Supplied material: Begin

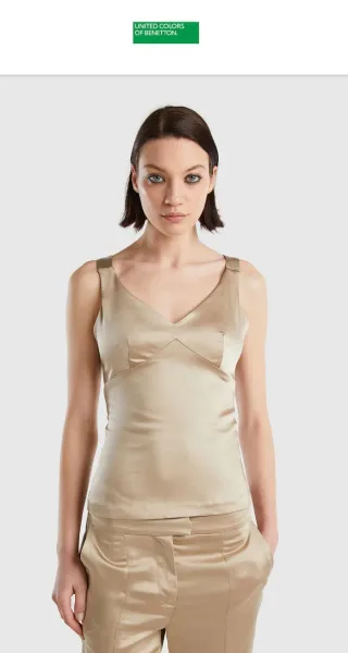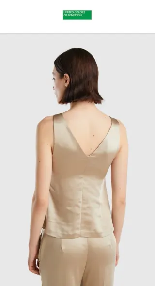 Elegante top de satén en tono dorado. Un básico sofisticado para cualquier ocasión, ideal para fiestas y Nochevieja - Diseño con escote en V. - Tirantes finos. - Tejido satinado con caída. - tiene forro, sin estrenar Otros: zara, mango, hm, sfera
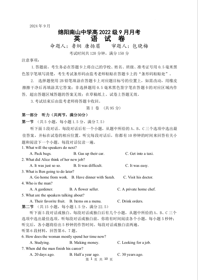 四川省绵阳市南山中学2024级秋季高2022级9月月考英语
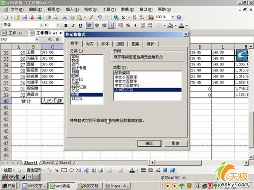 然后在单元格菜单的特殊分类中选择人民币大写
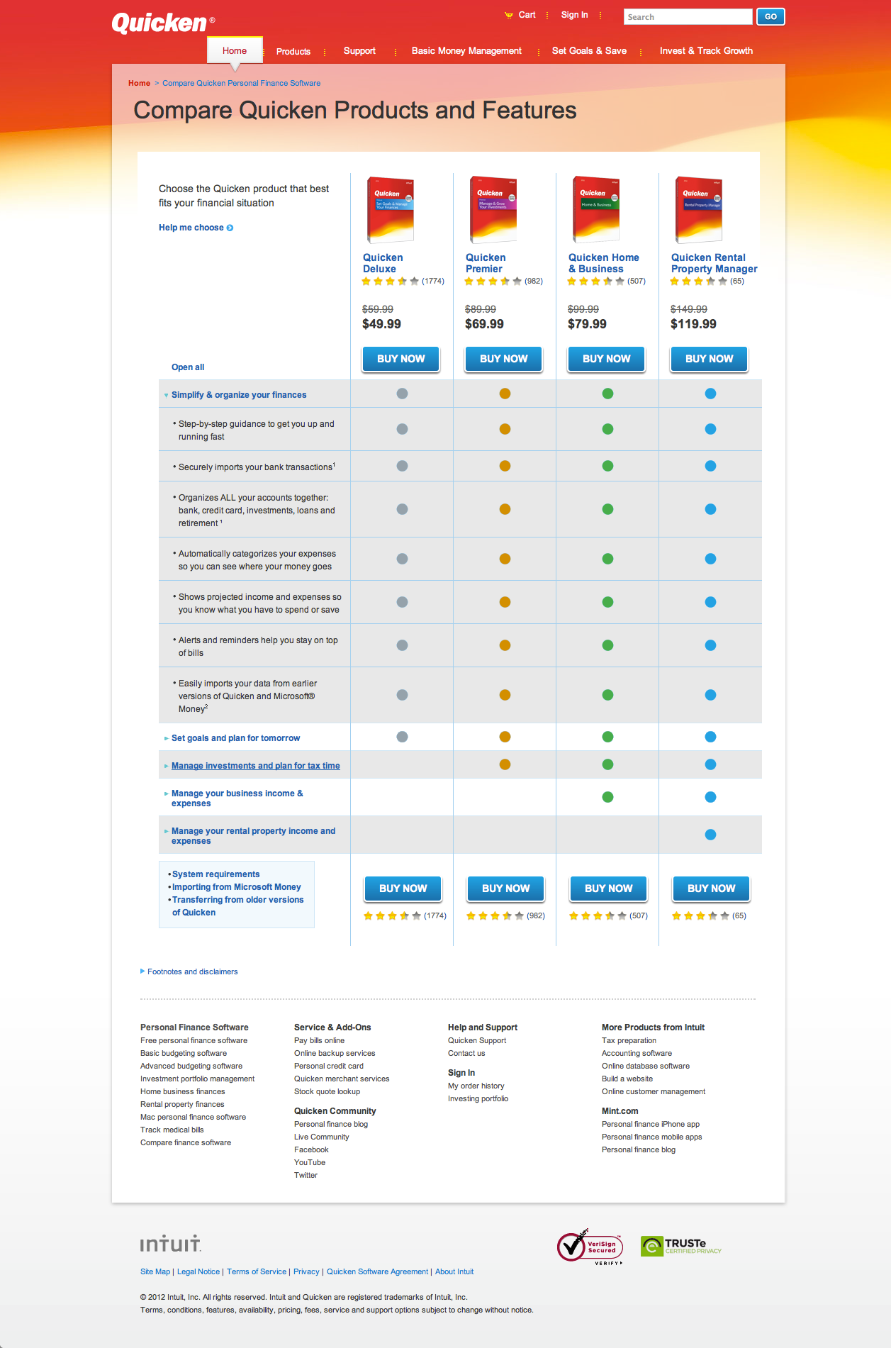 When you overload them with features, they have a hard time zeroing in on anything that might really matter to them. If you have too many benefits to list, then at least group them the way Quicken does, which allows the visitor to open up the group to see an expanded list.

Supplied material: End

> _Task prompt_
Leaving out the pictures, repeat the data above exactly.

> _Task response_
 Elegante top de satén en tono dorado. Un básico sofisticado para cualquier ocasión, ideal para fiestas y Nochevieja - Diseño con escote en V. - Tirantes finos. - Tejido satinado con caída. - tiene forro, sin estrenar Otros: zara, mango, hm, sfera
 四川省绵阳市南山中学2024级秋季高2022级9月月考英语
 然后在单元格菜单的特殊分类中选择人民币大写
 When you overload them with features, they have a hard time zeroing in on anything that might really matter to them. If you have too many benefits to list, then at least group them the way Quicken does, which allows the visitor to open up the group to see an expanded list.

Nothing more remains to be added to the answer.